SPEAKER_04That's something I struggle with personally. Um not necessarily that I'm somebody to to attack or outburst or or rage um directly at somebody, but just I guess sitting in discomfort I really struggle with, you know, like and and I want to resolve it as quickly as possible, whether that often I guess for me is a is a flight or so just running away from a situation. So um yeah, that's something that through these podcast discussions has come up quite a few times and and is really important is um, yeah, the ability to sit in that discomfort, which um I historically have struggled to do and have not really.
SPEAKER_03There are there are like extra layers, you know. Um the extra layers that can be added once you've practiced that a little bit is to see that person who's expressing that toxic opinion through a different lens, like a lens of compassion, just for a moment, it might be really hard, but just to overlay that their ego is desperately trying to own the space that uh whatever it is, and to sort of just I don't know, there are two versions of us, and Eckhart Toll speaks about a friend of mine sent me this great podcast with him. He's got a hilarious voice, but he's got lots of wisdom, and and and not just him, but of course, many, many wisdom traditions through the ages have said, and I I actually love Jung's expression of this: there's a self-one and a self-two. I love just knowing about this. Self-one is our our better angels, if you will. It's our spiritual self, it's the self that is the observer of the eye. You know how when you're doing something, you've got a part of you that is observing you doing that thing, and sometimes you're like, don't do it. Stop, no, don't. Or or it's it's the observer self. And that observer self is this really kind of juicy and amazing self to be aware of because it it has greater capacity, greater capacity to care, greater capacity to love, greater capacity to hold. And then self too is like Barry going, you know, I've got a list of things I need to get at the shops and get the kids to school, and fuck that person for saying that thing on Twitter or whatever. Oh my god, I just read CNN, the headlines for this or that. Oh my god, I just that self too, very busy with the doings and very busy with the racing thoughts that come through and need to be deciphered. And you know, that amazing um kids' film, what's it called? Inside Out?
SPEAKER_04Oh, I haven't seen that yet.
SPEAKER_03No, oh my god, which is like basically there's a there's a feeling station internally that's constantly navigating all of these sort of really big experiences and these racing thoughts. But self-one is that self that you come to in meditation that is a slowed heart rate that has deep breath and that is in alignment with all of life and um kind of knows, like is very wise. I'm like, why can't I just be self-one all the time?
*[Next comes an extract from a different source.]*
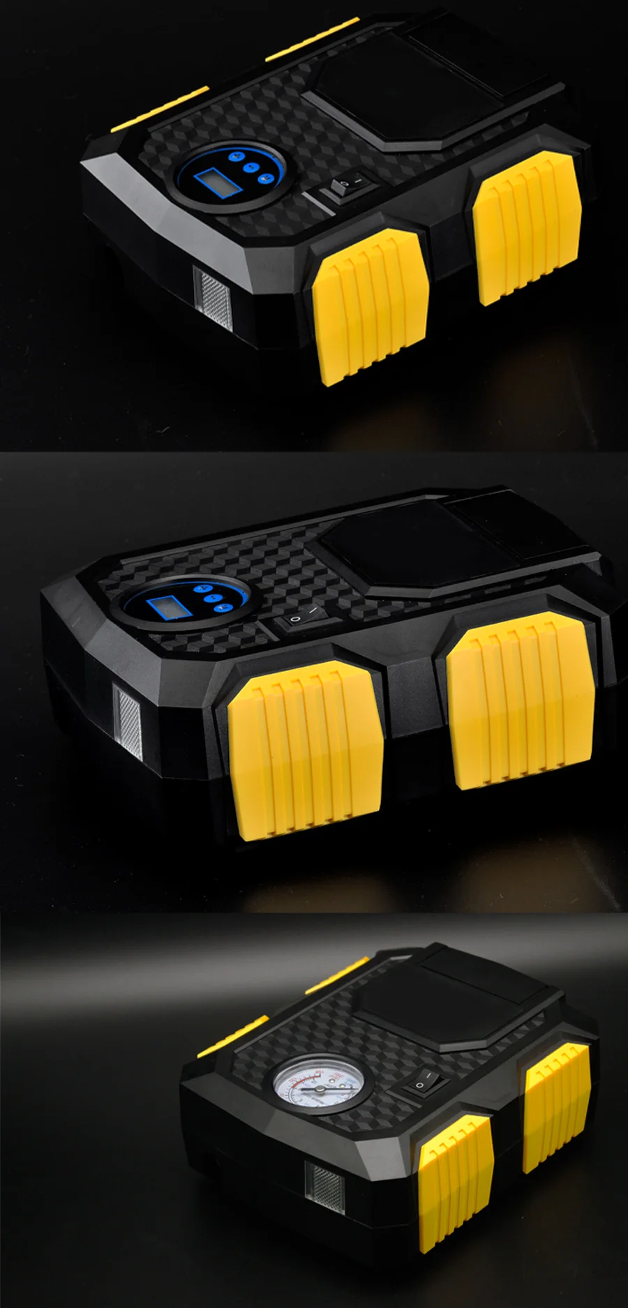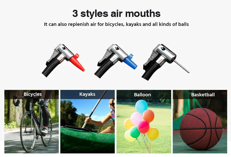1. Этот воздушный компрессор позволяет надуть стандартную автомобильную шину среднего размера от 0 ~ 36PSI (0-248KPA) всего за 4-6 минут. 2. Это делает надувание низких и плоских шин в аварийной ситуации проще и удобнее. Манометр дисплей блока воздушного компрессора: PSI, бар, кПа, кгс/см2. 3. До 3 метров 12 В автомобильного шнура питания, может эффективно обеспечить работу радиуса продукта, нажмите кнопку, чтобы немедленно зарядить без затяжки. 4. Встроенный разъем для хранения кабеля и разъем для хранения шлангов, не нужно беспокоиться, что шнур слишком длинный, чтобы положить, более удобный в использовании. 5. Со встроенным светодиодный светильник, вы не будете иметь проблем с видением того, что вы делаете с шиной, даже когда вы работаете в темном гараже, припаркован под сломанный уличный светильник, или сломался рядом с неосвещенной сельской дорогой. 6. Отлично подходит для многих типов шин: автомобилей, велосипедов, мотоциклов, RV, SUV, ATV, резиновых кораблей, а также спортивного оборудования и надувных изделий. Три дополнительных насадки и адаптеры, которые входят в комплект, делают компрессор универсальным и более широко используемым.

SPEAKER_04Yeah, it's hard to it's hard to get to that place. I I'm doing some, I don't know, even what you call it, like it's called soul coaching, but it's like therapy sessions with um Adora at the moment, and um a lot of the stuff that part of the stuff that we do together is yes, we do these meditations where she gets you basically into your body or gets you breathing, gets you out of your head, and then tries to, I guess, navigate some challenges that you're facing from that place. And um it's interesting the answers that come up when you're in that. I guess, did you say is that self-two or is that self one?
SPEAKER_03No, no, self-one, self-one has knows knows is very wise self-one.
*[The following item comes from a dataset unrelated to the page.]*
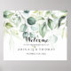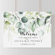 Cette pancarte de bienvenue pour une fête de fiançailles à l'aquarelle eucalyptus est parfaite pour une célébration de fiançailles rustique. Ce design artistique présente un feuillage vert eucalyptus dessiné à la main et peint à l'aquarelle, inspirant une beauté naturelle.

SPEAKER_04Oh, self, yeah, so right. So I mean I struggled to get to self-one because my self-two is loud and she's fucking heady. So she's like um, but like when I'm doing these sessions with the doula and I do like get to that point of self one, and um, yeah, the information that I can get to is is interesting, and the answers that come out to some of the questions that she asks are really interesting.
SPEAKER_03Isn't that crazy? Yeah, but like if you just asked your wiser self for answers to a lot of the questions, it's very peaceful there. Yeah, she's very wise and she's very grounded almost in an intergenerational wisdom. You know, it's it's quite profound, and yet we're a lot of us just I mean, we're we're human beings, we're Homo sapiens, you know, we're also geared to survive. Um, but we have these other capacities. That is fascinating. I don't know how we got to this part of the conversation, but yeah.
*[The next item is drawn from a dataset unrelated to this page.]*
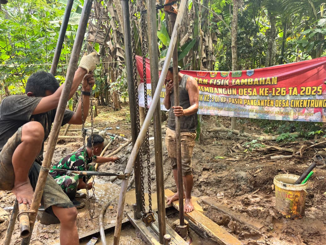 Pandeglang – Program TNI Manunggal Membangun Desa (TMMD) ke-126 Kodim 0601/Pandeglang terus menunjukkan komitmen nyata dalam membantu masyarakat pedesaan melalui berbagai kegiatan pembangunan fisik maupun nonfisik. Salah satu kegiatan yang menjadi fokus utama saat ini adalah pengeboran sumur untuk fasilitas umum di wilayah Kampung Pasir Penganten, Desa Cikentrung, Kecamatan Cadasari, Kabupaten Pandeglang, yang kini telah mencapai progres 85%.

SPEAKER_04Oh, well, don't don't worry. I mean, it's yeah, it's it's interesting. But just a question, like uh not a question, but just a comment about what you said about accessing that intergenerational wisdom, I guess. That kind of ties into some of the conversations you had a little bit with um with Jade Miles um and some of the work that she does about ceremony and ritual, because I think that tapping into that intergenerational wisdom comes from those moments when you are sort of deeply absorbed and in touch with that self-one. And for example, like I get there with cooking and oh my god, I really don't know. With cooking and with gardening. There are two things that I find that I get into this state where I'm I forget other things and I just get into this like flow where I'm just concentrating on the task at hand. And it's funny how I'll be presented with a situation of like, you know, a plant that I've never dealt with, or I'm harvesting something or or caring for a plant or cooking a different meal with different things. And I don't know, it's like the knowledge comes from within me when I get to that place. Like if I just keep going, I seem to be able to tap into some kind of, I don't know, it's a weird thing to say. I'm sorry, you probably think I'm a freak.
SPEAKER_03Well no, oh my god, a freak is a strong word. No, no, no. I I think I think um so many people find flow state in so many different ways, and it's a real thing to hunt around for in your life. Where do I find I'm in flow? You were talking about with that with me before the recording um turned on. That place of flow and harmony and um groundedness um is something to search for because it's the thing you should do a lot of. I don't find it in showing. I don't find it in cooking. Um what is it for me? So so many things, music, um, connection. When I'm connected with other people, I'm I'm an extrovert introvert, so I need a lot of time in nature, just stillness, also hiking in nature can get me into flow state. Um, music definitely making music 100% um and and connection. So, like a big love language for me is quality time. Yeah, I find I get into flow state when I'm in quality time with my beloved peeps. And and actually, I'm in flow state when I'm communicating ideas. Like I really you can tell from my own work that when I'm I'm in storytelling flow, uh, I feel profoundly connected to a wiser part of myself and the world.
SPEAKER_04Well, that's why I think Dumbo Feather as a podcast is so powerful. And the people, obviously, that you work with, you know, it just you do seem to to drop into something that um really resonates with the humanity, like of me as a person that I also think, you know, the the listeners, it just it it really does uh resonate with them. So um I was going to ask, I know that I'm small giants is running a course on morality, and I thought that is fascinating to me. So I'm interested to ask like, why do you think that morality is so important to discuss and deep dive into right now?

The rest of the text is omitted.